ブスと美人がぶつかった瞬間に人格が入れ替わるという手法に対してずっと不満があったんです。というのも、あるとき突然、別の人の体になってブスになった辛さと、生まれ持った顔がブスであるという辛さは違うんじゃないかと思って。もし、ある日突然ブスになったとしたらそれは自分のせいじゃないし、受け入れられる気がするんですね。だけど生まれながらの場合、親と似ていて愛着がある顔なのに、それがブスだと世間に断定される辛さは、入れ替わりでは再現できない。ただ、いざ描いてみると、そのくらいインパクトのある設定でないと、関心がルックス以外の部分にそれちゃうんです。そうか、だから入れ替わりの設定になっていたのかと気づいて、今まで不満に思ってすみませんと(笑)。
同じように、ブスな女の子がイケメンに恋する話にも、すごく不満がありました。そういう話って、イケメンがすごく純粋で、大体天然なんです。ブスはそういう男にしか受け入れられないのか、物事をちゃんと考えている、現実的な人とはつき合えないのか、と。でも、これまた自分が描いてみると大変なんです。この二人は相思相愛になるだろうか。この男の子が美醜にこだわらないピュアなタイプだったらもっといろんなことが描けるのにと思ったりして。

こうして自分が描いてみると、今まで先輩作家が描いてきた美醜に関する作品は、そうじゃないと描けなかったんだということに初めて気がつきました。描きたいテーマがあったときに、ブスをそんなにブスに描けなかったというのも今だったら理解できる。制約のある中で、いろんな少女漫画家さんがブスの主人公の漫画を生み出してきたことに対して、大きなリスペクトの気持ちが湧きました。
ルッキズムという言葉がある今の時代だからこそ、私は作品が描けているわけです。多分十年前だったら形にならなかった。ブスが主人公だから店頭であまり手にとってもらえない、そんな恐れすらある。日常からの現実逃避を「美しさ」に求めている読者に向けて、ブスが主人公というリアルを突き付けるハードルがなかなか高いんです。
藤野 小説は漫画と違って、見た目をそんなに細かく書かなくてもいいんですよね。たとえば、「小鳩のような小さな顔、吊り上がった大きな目」でそれが「魅力的だ」と書けば、その人物は美人なんだろうなあということになるし、それが「調和を破壊していてどうにもこうにもまとまりというものがなく、人に恐怖すら感じさせる」と書くと、美人ではないんだなあととりあえず納得してもらえる……と思います。

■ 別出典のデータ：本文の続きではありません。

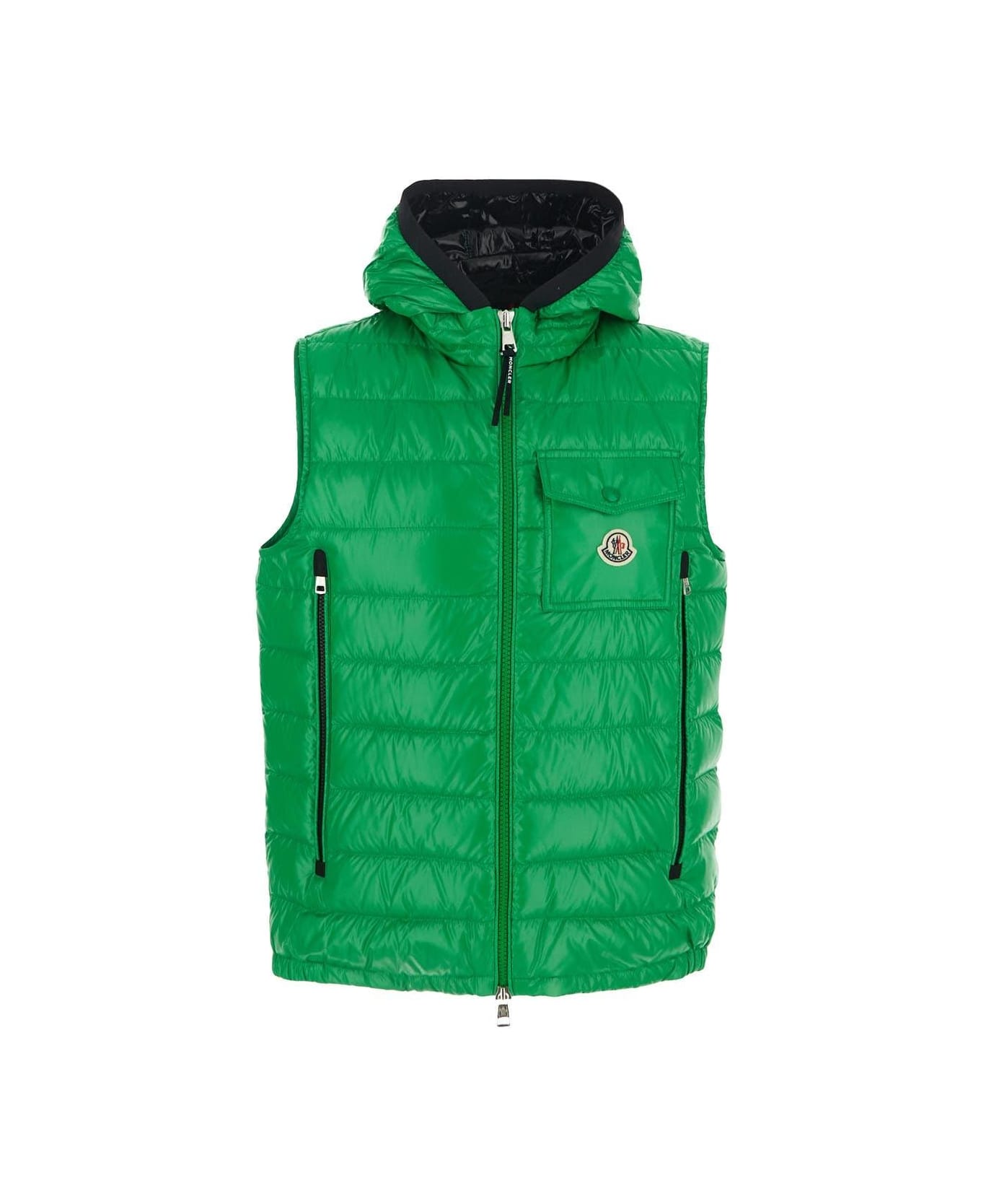 Moncler Jacket In Green Polyester With Zip Fastening. The Item Is Featured By Logo Patch, Side Pockets And Hoodie.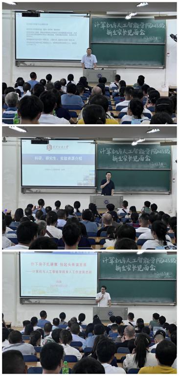 魏雄从介绍ok138cn太阳集团是一所怎样的大学开始,到ok138cn太阳集团529是一个怎样的学院,学院有哪些专业,特色是哪些等方面详细地为各位家长进行讲解。指出学院通过完备的人才培养方案,逐步搭建学生系统完整的专业知识体系,培养学生成才。彭涛主要介绍了学院科研水平和研究生培养两个方面,通过介绍近四年获批的国家自然科学基金、科研项目进账经费、发表论文情况阐述了学院的科研水平和教师团队。通过介绍学院举办的学术报道场次、研究生参加各种学术会议和实验室资源阐述了学院的科研氛围。向涛从“三支队伍”、“六进工作”、“三个循环”、“四项重点”四方面向各位家长介绍学院学生工作情况。并承诺对学生做到共理、共情、共声、共向;对工作做到人到、心到、情到、责到,以优异成绩向全院师生、全体家长交出一份满意的答卷。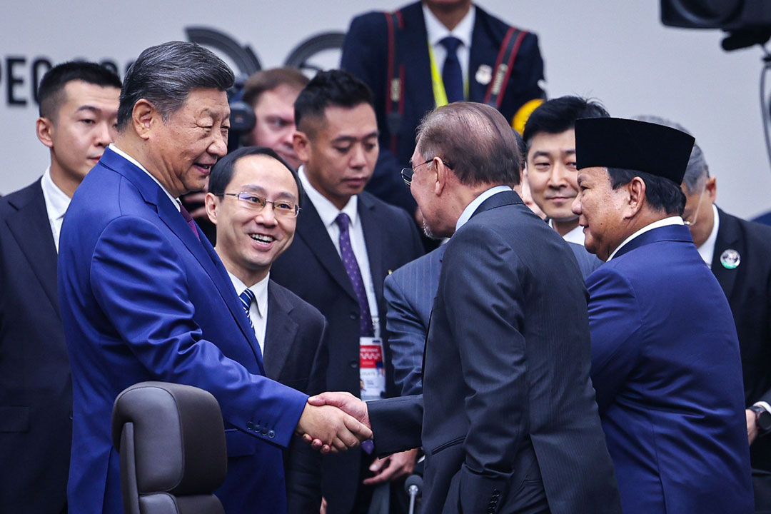 亚太经济合作组织(APEC)经济领导人会议,首相安华(右)与习近平(左)握手互动交流。

だけど漫画の場合は絵ですから、もっとむきだしというか、表現に逃げ場が与えられない難しさがありますよね。
とある 逆に小説の場合、こういうのがブスだよと伝えたい場合は、言語化しないといけないんですよね。絵だと、別にここには意味がありませんよみたいな振りをして、ごまかせてしまってるかもしれないです。